- [Data items]:

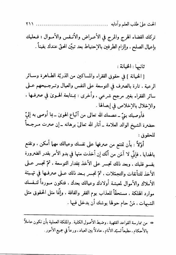 مرآة الرشاد ، في الوصية الى الأحبة والذرية والأولاد
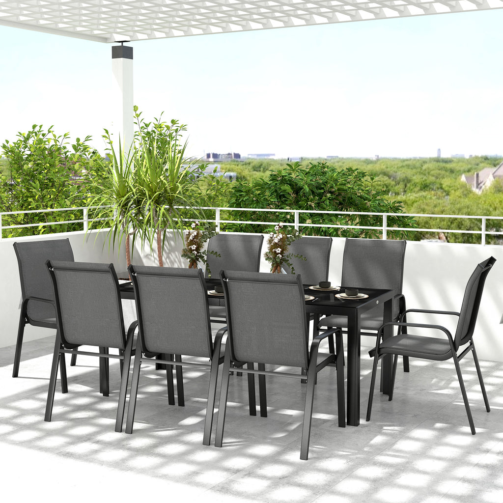 Transform your garden into a stylish dining oasis with the 8 seater garden table and chairs. Featuring breathable mesh seat and back for quick-drying comfort and chairs that stack to save space. The tempered glass top is scratch-resistant, providing a sleek, modern look while being easy to clean and maintain. It offers durability, ensuring your furniture stays looking fresh and stylish for years to come. This outdoor furniture set is great for garden parties and family gatherings!
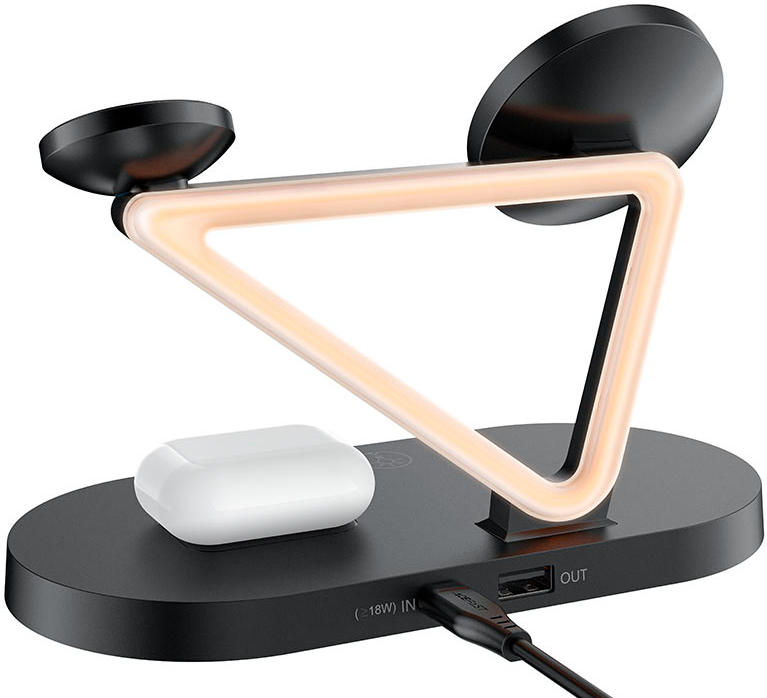 Беспроводное зарядное устройство ACEFAST E9 с выходной мощностью 15 Вт способно одновременно восполнять энергию смартфона, наушников, умных часов. LED-подсветка уведомляет о начале работы аксессуара.
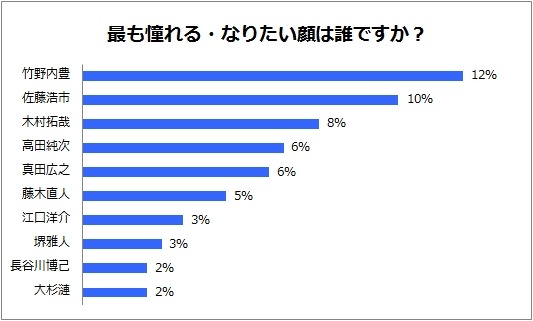 「あなたが最も憧れる・なりたい顔は誰ですか?」という質問に対して、12%の人が「竹野内豊」さんと答えました。有名ドラマや映画でも活躍している、若々しくスマートな外見が印象的な俳優さんです。
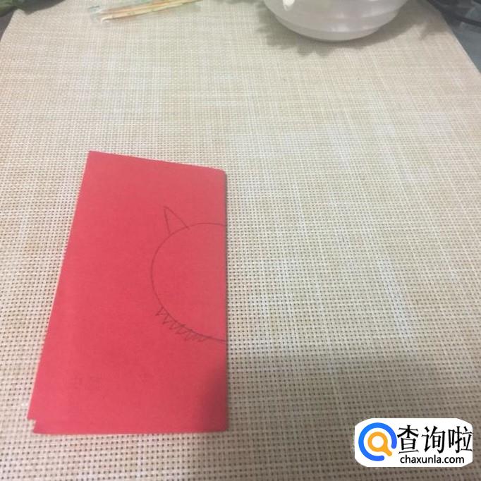 然后在正方形硬纸上画出小猫的外部轮廓,如下图所示。
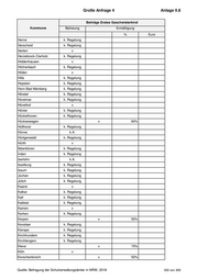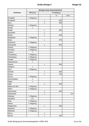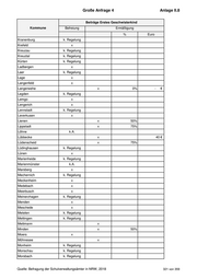 Große Anfrage 4 Anlage II.8 Beiträge Erstes Geschwisterkind Kommune Befreiung Ermäßigung % Euro Kranenburg k. Regelung Krefeld x Kreuzau k. Regelung Kreuztal k. Regelung Kürten k. Regelung Ladbergen x Laer k. Regelung Lage x Langenfeld x Langerwehe x 0% - € Legden k. Regelung Lemgo x Lengerich x Lennstadt k. Regelung Leverkusen x Lienen x 50% Lippstadt x 75% Löhne k.A. Lübbecke x 40 € Lüdenscheid x 75% Lüdinghausen k. Regelung Lünen x Marienheide k. Regelung Marienmünster k.A. Marsberg x Mechernich k. Regelung Meckenheim x Medebach x Meerbusch x Meinerzhagen k. Regelung Menden x Meschede x Metelen k. Regelung Mettingen k. Regelung Mettmann x Minden x 50% Moers x Möhnesee x Monheim k. Regelung Monschau k. Regelung Morsbach k. Regelung Quelle: Befragung der Schulverwaltungsämter in NRW, 2018 321 von 359
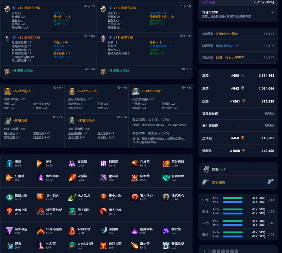 5個主要技能全部20等,卡牌畢業很完美,3個烙印技能20等,一個15等
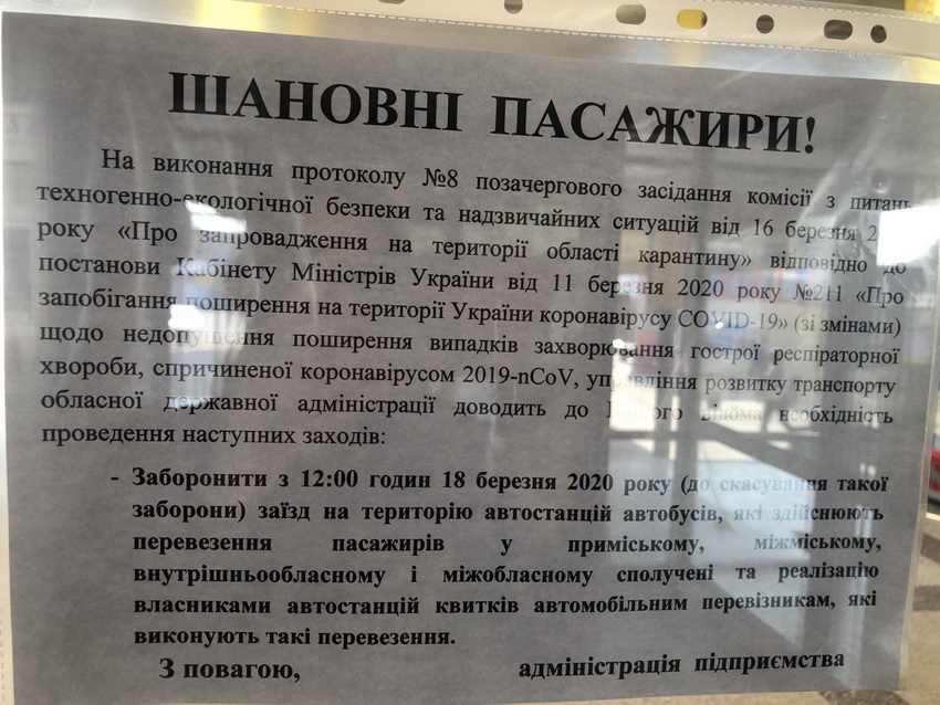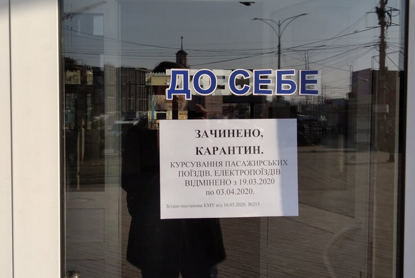 Від сьогодні центральний вхід до приміщення залізничного вокзалу зачинений. Як і до зали очікування з боку квиткових кас. Фактично, працюють лише каси, аби люди могли повернути квитки. Відповідне повідомлення висить на центральному вході і на дверях кас. В повідомленні зазначається, що курсування електропоїздів та пасажирських відмінено з 19.03 по 03.04. Але, відповідно до постанови Уряду, виїхати пасажирським транспортом неможливо вже від сьогодні після 12:00.
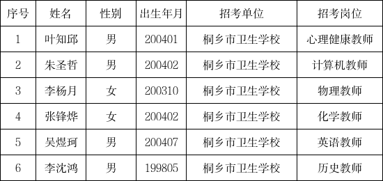 根據《桐鄉市衛生學校面向普通高校應屆畢業生招聘2026學年教師公告》精神,按照“公開、平等、競爭、擇優”原則,經過報名、資格審核、考試、體檢、考察等程序,現將擬聘用人員予以公示。公示對象如有問題,在公示期限內,任何單位和個人均可通過電話、書面或口頭面談的形式向市衛生健康局反映(聯系電話:88621040)。反映時,提倡用真實姓名并告知聯系辦法。
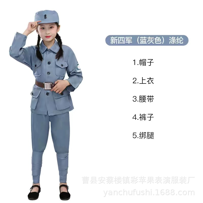 Маленькая красная армейская одежда Детский костюм Восьмой маршрут Армейские красногвардейцы Мужчины и женщины Новый 4-й армии Красная звезда Сияющий костюм Костюм для выступлений
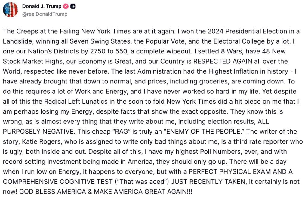 «Οι New York Times εξαπέλυσαν επίθεση λέγοντας ότι μπορεί να είμαι λιγότερο ενεργητικός όταν τα γεγονότα δείχνουν το αντίθετο», έγραψε προφανώς εξοργισμένος ο Τραμπ.
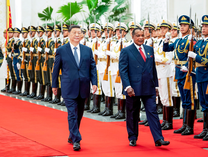 9月6日上午,国家主席习近平在北京人民大会堂同来华出席中非合作论坛北京峰会并进行国事访问的刚果(布)总统萨苏举行会谈。这是会谈前,习近平在人民大会堂北大厅为萨苏举行欢迎仪式。新华社记者 丁林 摄
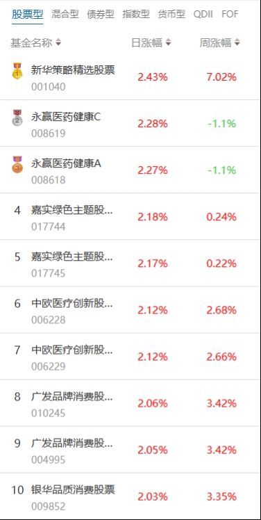 南方财经4月30日电,根据南财基金通数据,2025年04月29日当日收益靠前的股票型基金包括:新华策略精选股票型证券投资基金(001040,日收益2.43%);永赢医药健康股票型证券投资基金(008619,日收益2.28%);嘉实绿色主题股票型发起式证券投资基金(017744,日收益2.18%)等。收益较低的股票型基金包括:长城量化精选股票型证券投资基金(006926,日收益-1.89%);嘉实清洁能源股票型发起式证券投资基金(017074,日收益-1.21%);建信食品饮料行业股票型证券投资基金(014864,日收益-1.02%)等。

- [Work request]: The records must appear again word for word, though none of their pictures should.

- [Solution]:
 مرآة الرشاد ، في الوصية الى الأحبة والذرية والأولاد
 Transform your garden into a stylish dining oasis with the 8 seater garden table and chairs. Featuring breathable mesh seat and back for quick-drying comfort and chairs that stack to save space. The tempered glass top is scratch-resistant, providing a sleek, modern look while being easy to clean and maintain. It offers durability, ensuring your furniture stays looking fresh and stylish for years to come. This outdoor furniture set is great for garden parties and family gatherings!
 Беспроводное зарядное устройство ACEFAST E9 с выходной мощностью 15 Вт способно одновременно восполнять энергию смартфона, наушников, умных часов. LED-подсветка уведомляет о начале работы аксессуара.
 「あなたが最も憧れる・なりたい顔は誰ですか?」という質問に対して、12%の人が「竹野内豊」さんと答えました。有名ドラマや映画でも活躍している、若々しくスマートな外見が印象的な俳優さんです。
 然后在正方形硬纸上画出小猫的外部轮廓,如下图所示。
 Große Anfrage 4 Anlage II.8 Beiträge Erstes Geschwisterkind Kommune Befreiung Ermäßigung % Euro Kranenburg k. Regelung Krefeld x Kreuzau k. Regelung Kreuztal k. Regelung Kürten k. Regelung Ladbergen x Laer k. Regelung Lage x Langenfeld x Langerwehe x 0% - € Legden k. Regelung Lemgo x Lengerich x Lennstadt k. Regelung Leverkusen x Lienen x 50% Lippstadt x 75% Löhne k.A. Lübbecke x 40 € Lüdenscheid x 75% Lüdinghausen k. Regelung Lünen x Marienheide k. Regelung Marienmünster k.A. Marsberg x Mechernich k. Regelung Meckenheim x Medebach x Meerbusch x Meinerzhagen k. Regelung Menden x Meschede x Metelen k. Regelung Mettingen k. Regelung Mettmann x Minden x 50% Moers x Möhnesee x Monheim k. Regelung Monschau k. Regelung Morsbach k. Regelung Quelle: Befragung der Schulverwaltungsämter in NRW, 2018 321 von 359
 5個主要技能全部20等,卡牌畢業很完美,3個烙印技能20等,一個15等
 Від сьогодні центральний вхід до приміщення залізничного вокзалу зачинений. Як і до зали очікування з боку квиткових кас. Фактично, працюють лише каси, аби люди могли повернути квитки. Відповідне повідомлення висить на центральному вході і на дверях кас. В повідомленні зазначається, що курсування електропоїздів та пасажирських відмінено з 19.03 по 03.04. Але, відповідно до постанови Уряду, виїхати пасажирським транспортом неможливо вже від сьогодні після 12:00.
 根據《桐鄉市衛生學校面向普通高校應屆畢業生招聘2026學年教師公告》精神,按照“公開、平等、競爭、擇優”原則,經過報名、資格審核、考試、體檢、考察等程序,現將擬聘用人員予以公示。公示對象如有問題,在公示期限內,任何單位和個人均可通過電話、書面或口頭面談的形式向市衛生健康局反映(聯系電話:88621040)。反映時,提倡用真實姓名并告知聯系辦法。
 Маленькая красная армейская одежда Детский костюм Восьмой маршрут Армейские красногвардейцы Мужчины и женщины Новый 4-й армии Красная звезда Сияющий костюм Костюм для выступлений
 «Οι New York Times εξαπέλυσαν επίθεση λέγοντας ότι μπορεί να είμαι λιγότερο ενεργητικός όταν τα γεγονότα δείχνουν το αντίθετο», έγραψε προφανώς εξοργισμένος ο Τραμπ.
 9月6日上午,国家主席习近平在北京人民大会堂同来华出席中非合作论坛北京峰会并进行国事访问的刚果(布)总统萨苏举行会谈。这是会谈前,习近平在人民大会堂北大厅为萨苏举行欢迎仪式。新华社记者 丁林 摄
 南方财经4月30日电,根据南财基金通数据,2025年04月29日当日收益靠前的股票型基金包括:新华策略精选股票型证券投资基金(001040,日收益2.43%);永赢医药健康股票型证券投资基金(008619,日收益2.28%);嘉实绿色主题股票型发起式证券投资基金(017744,日收益2.18%)等。收益较低的股票型基金包括:长城量化精选股票型证券投资基金(006926,日收益-1.89%);嘉实清洁能源股票型发起式证券投资基金(017074,日收益-1.21%);建信食品饮料行业股票型证券投资基金(014864,日收益-1.02%)等。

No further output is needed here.